● Requirement:
Instruction for the entries below: return the part that opens with the line containing "Belirtmek isterim ki, bu" and closes with the line containing "陽が昇り始めてガスッガスの山", exactly, and no pictures.

··········

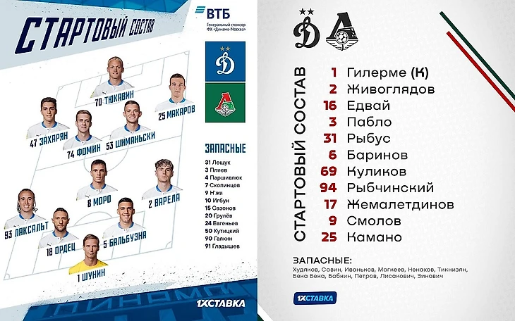 Состав. Перед перерывом на матчи сборных Динамо предстояло закрыть начало сезона в дерби против Локомотива в 6 туре, у которого произошло сразу две замены и две перестановки по сравнению с выигранным матчем у Краснодара. Пару Фёдору Смолову вместо Виталия Лисаковича составил Франсуа Камано, Дмитрий Рыбчинский поменял позицию правого защитника на левого полузащитника (вместо Камано), а на его место вернулся Дмитрий Живоглядов. В центре обороны вместо Станислава Магкеева вышел Пабло. И тут стоить отметить одну деталь: во всех 6 играх у Локомотива всегда были перемены в стартовом составе. А вот наш тренер, Сандро Шварц, похоже окончательно определился со стартовым составом нашей команды. Можно было допустить, что место в воротах займёт Игорь Лещук, но только потому, что в прошлом сезоне он сыграл в обоих дерби и смотрелся достаточно хорошо. Однако на шансы на его выход в старте были очень и очень маленькими. Очередная игра в запасе не стала для Игоря каким-либо разочарованием и уже через несколько дней он подписал новый контракт с Динамо на 4 года. Для справки: у Антона Шунина контракт заканчивается в Июне следующего года. Скорее всего контракт будет продлён — не ссорится же Динамо с агентом Захаряна. Но если мы, по итогам сезона, выйдем в групповую стадию Лиги Чемпионов или Европы, то команде нужно будет обязательно усилить вратарскую линию. А теперь переходим к разбору матча.
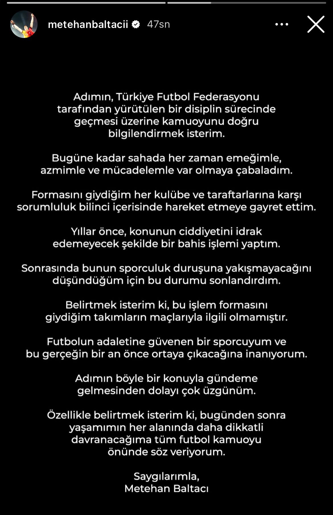Belirtmek isterim ki, bu işlem formasını giydiğim takımların maçlarıyla ilgili olmamıştır. Futbolun adaletine güvenen bir sporcuyum ve bu gerçeğin bir an önce ortaya çıkacağına inanıyorum.
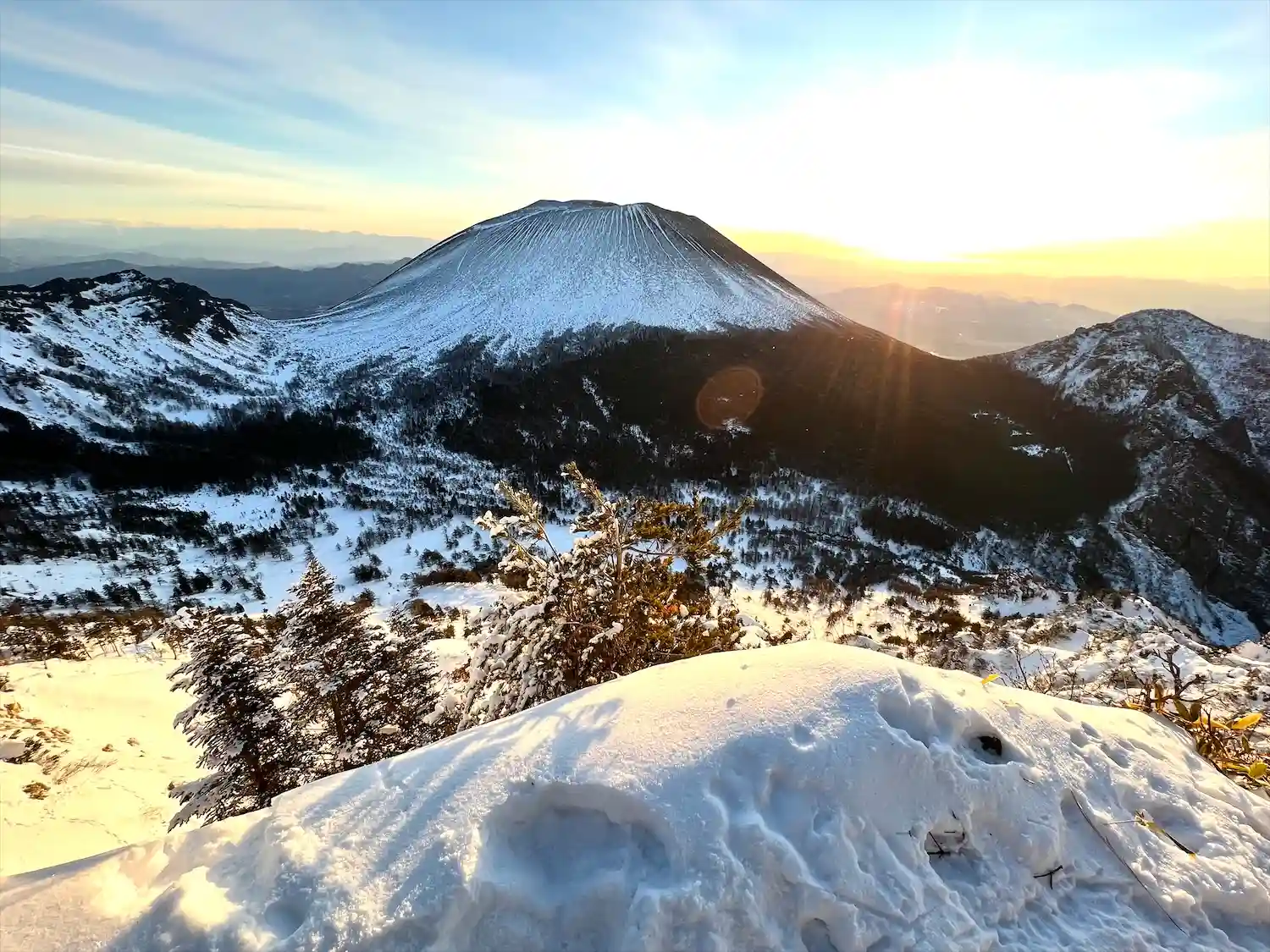 陽が昇り始めてガスッガスの山
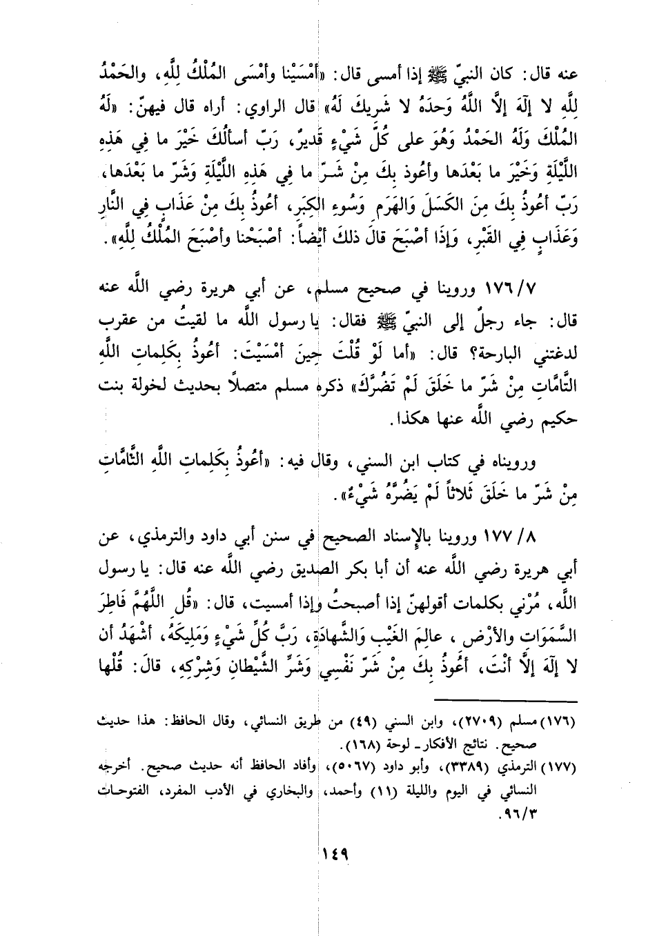 [176] مسلم (2709)، وابن السني (49) من طريق النسائي، وقال الحافظ: هذا حديث صحيح. نتائج الأفكار ـ لوحة (168).
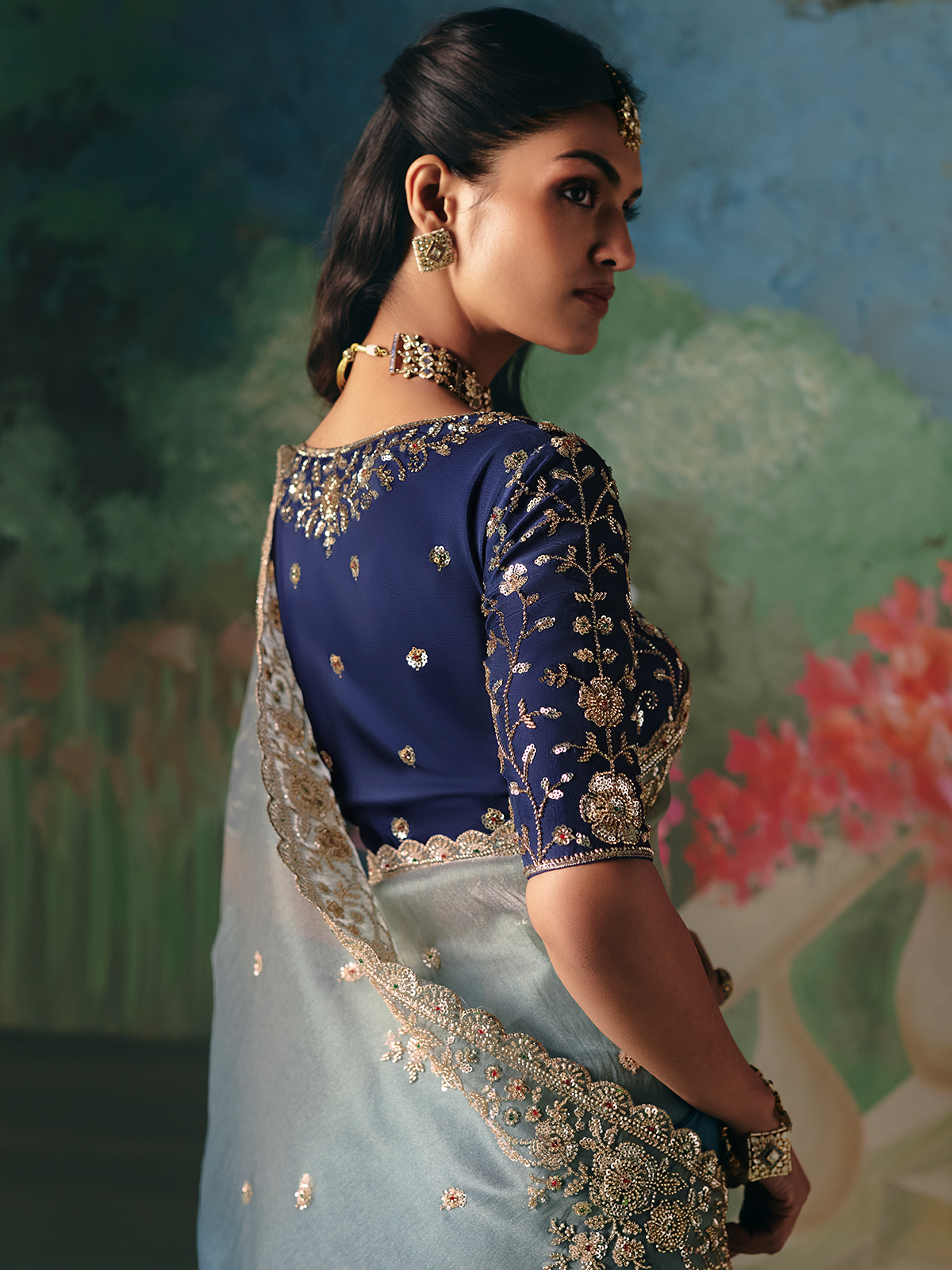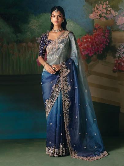 Crafted in shaded blue chinon silk saree. Features a heavy work unstitched blouse highlighted with cutdana, beads and sequin detailing. The elegant drape paired with rich saree work makes it suitable for weddings, receptions, sangeet and festive events.
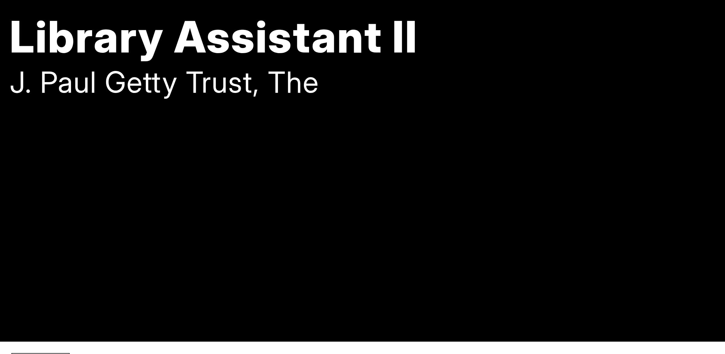 The Getty Research Institute (GRI) seeks a full-time Library Assistant for a two-year limited-term position. Located at the Getty Center in Los Angeles, the Getty Research Institute is dedicated to furthering knowledge and advancing understanding of the visual arts and their histories. Serving an international community of scholars, the Research Library is one of the largest art and architecture libraries in the world, with holdings of more than one and one-half million volumes. Special Collections include rare books and journals, rare photographs, prints and drawings dating from the 15th century to the present, architectural drawings and models, art multiples, film, audio and video recordings, digital content, and extensive archives and manuscript collections.
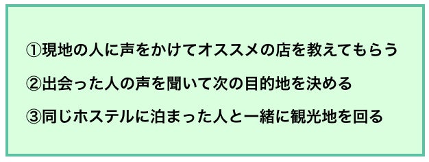 もちろんそれも悪くはないのですが、せっかくなら現地の人しか知らない情報に触れて、現地の雰囲気を最大限に感じたい。

··········

● Finished task:
Belirtmek isterim ki, bu işlem formasını giydiğim takımların maçlarıyla ilgili olmamıştır. Futbolun adaletine güvenen bir sporcuyum ve bu gerçeğin bir an önce ortaya çıkacağına inanıyorum.
 陽が昇り始めてガスッガスの山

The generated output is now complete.